Vous arrivez à faire danser les gens avec des textes politiques et poétiques.

Oui on m'a souvent donné des leçons quand je n'avais pas de succès. On a jugé mon timbre de voix trop sévère, trop austère. J'enrobe donc mes textes avec une musique extrêmement festive. Mon refuge est sur scène avec nos rythmes up-tempo ou le propos est parfois relégué au troisième ou quatrième plan. J'ai plus de succès en Angleterre que dans les pays francophones Il s'agit donc bien d'un intérêt musical.

Baloji en concert à Rio Loco / Guillaume Schnee

Baloji en concert à Rio Loco / Guillaume Schnee

Pour avoir ce up-tempo vous avez mixé énormément de genres et d'influences :

Je suis un enfant du hip hop américain, c'est la première musique que j'aime. J'ai aussi grandi à Liège, un berceau de la transe électronique qui d'une certaine manière est proche des musiques de tout le continent africain, du Maroc au Congo. Il s'agit bien de musique répétitive, de transe avec des rythmiques que l'on tient pendant des heures. J'ai grandi avec cette musique. Fela Kuti est aussi mon héros. Sa transe afrobeat, ses morceaux de quinze minutes avec ses claviers, ses cuivres. Un espace temps que l'on retrouve sur certaines de mes chansons. La musique est pour moi un terrain de jeu et me permet de traiter le désespoir avec humour et de transcender les situations, de s'en détacher.

Parlez nous du titre de l'album "137 Avenue Kanamia".

Mon premier album s'appelle Hôtel Impala et celui ci que je considère comme mon second est la suite. C'est amusant mais quand je cherchais l'adresse de ma mère (qu'il n'avait pas vue depuis 25 ans), nous sommes en voiture et on a l'impression que la rue s'arrête. Une vieille personne me dit alors "ce n'est pas parce que tu ne sais pas y accéder en voiture que la rue s'arrête". J'ai eu envie de faire un album comme ça, conçu comme un plan-séquence. Ça ramène à ce rapport très présent en Afrique, au visible, à l'invisible, à l'immédiat.

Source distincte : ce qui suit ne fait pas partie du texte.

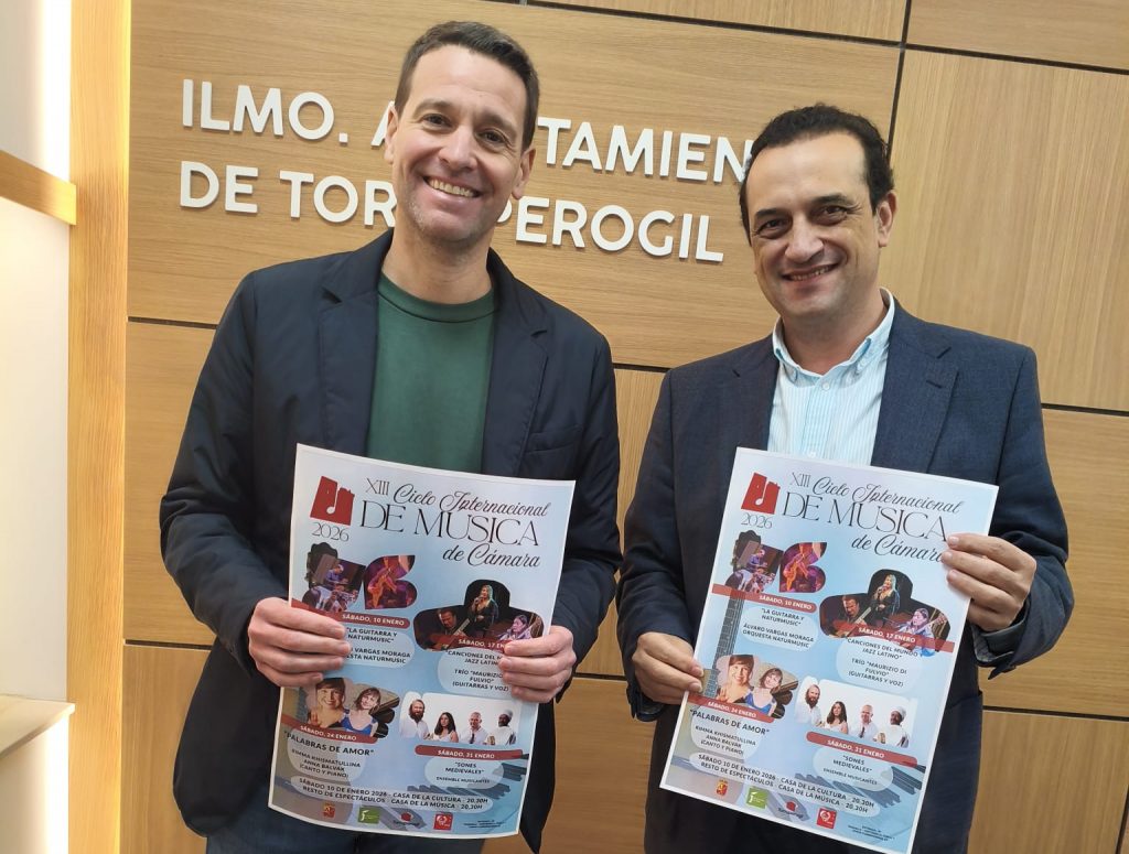 El alcalde de Torreperogil, José Ruiz Villar, junto al director del Ciclo Internacional de Música de Cámara, Enrique Muñoz, ha presentado hoy en rueda de prensa la programación del XIII Ciclo Internacional de Música de Cámara, una de las citas culturales más consolidadas y prestigiosas del calendario cultural del municipio, que se celebrará durante el mes de enero de 2026.
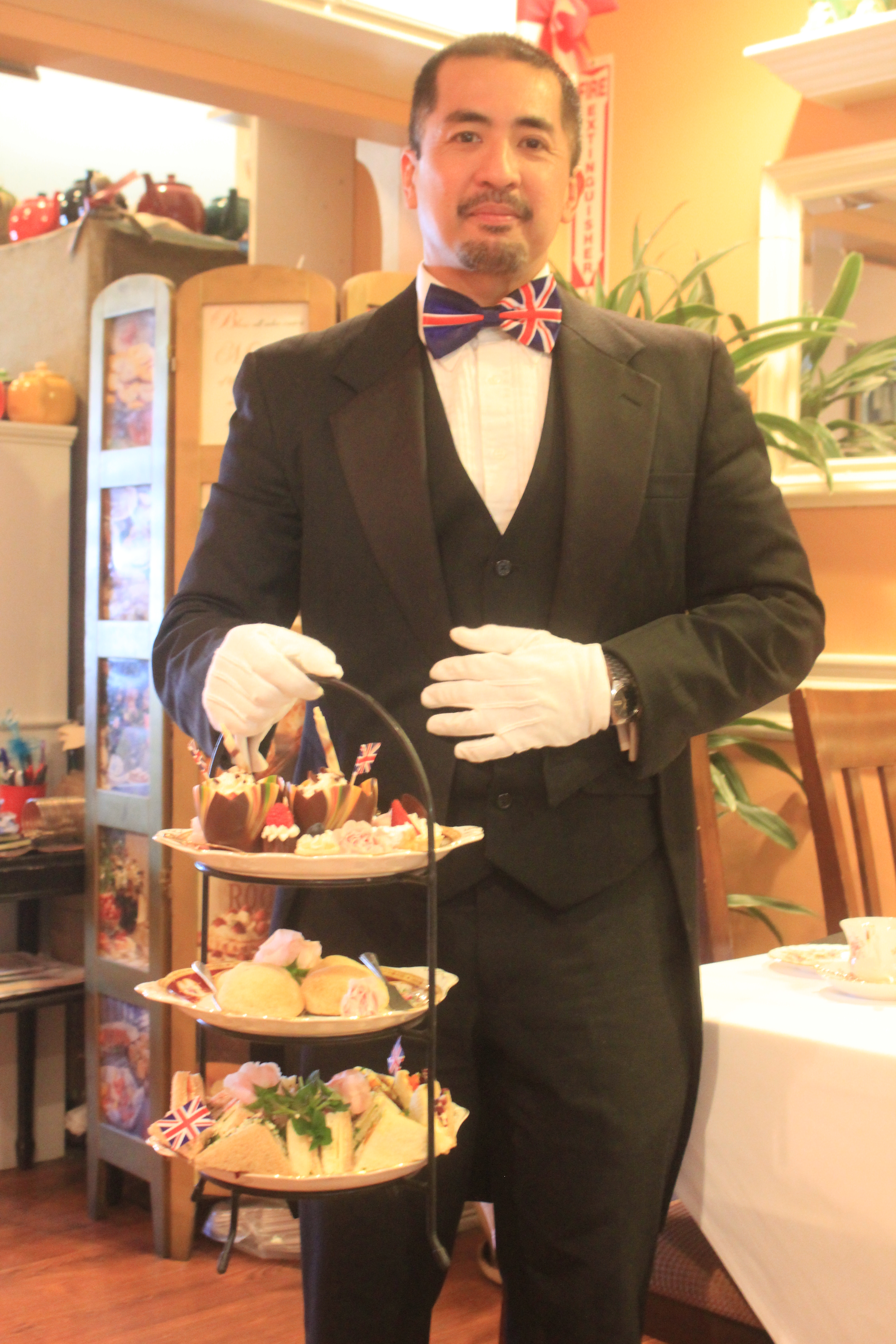 High Tea Cottage owners Jenn and Dr. Ken Dodsworth have enjoyed afternoon tea in the most exotic and glamorous locations around the world including Egypt, South Africa, France, and the Grand Canals of Venice…but nothing compared to being invited to Buckingham Palace for The Queen’s Coronation celebration and enjoying tea with Her Majesty Queen Elizabeth II. Having catered afternoon tea for everyone from royalty to a former President of the United States…Jenn Dodgsworth now shares her special talents with all of us. High Tea Cottage is located in Woodland Hills in an old historic home that used to belong to the Warner Brothers Studio. Enjoying a leisurely Afternoon Tea is top priority to Jenn who makes the time-honored English tradition a true experience to remember. From the classy greeting from Butler Peter, to the impressive presentation of teas, sandwiches and pastries, the environment that Jenn has created allows you to leave your cares and worries at the door and invites you to truly luxuriate over a lovely Afternoon Tea, which at High Tea Cottage is not just a meal….but an experience.

Vous préparez un long métrage ?

Oui le film est en écriture, une histoire de sorcellerie qui se passe au Katanga qui se passe sur trois jours et trois nuits avec des thèmes comme les enfants des rues, les familles africaines déstruturées... C'est beaucoup de travail et c'est une industrie encore plus compliquée que celle du disque. Tout est très long, c'est très dur à financer. Pour mon prochain clip d'ailleurs je vais faire appel à un financement participatif. C'est toujours la même chose on se débrouille c'est pour ça que je travaille tout le temps.

Le festival Rio Loco fête la rumba du monde. Une influence majeure pour vous ?

Oui c'est une musique assez exceptionnelle est la seule musique qui arrive à réussir le tour de force de combiner deux sentiments complètement opposés que sont la liesse et la mélancolie. La saudade capverdienne pourrait s'en approcher mais elle a un rythme très lent. La rumba est liée à une certaine dextérité de l'instrument notamment la guitare. Et lorsqu'on lui fait remarquer que "liesse et tristesse" pourraientt qualifier son oeuvre, Baloji nous quitte avec un large sourire complice.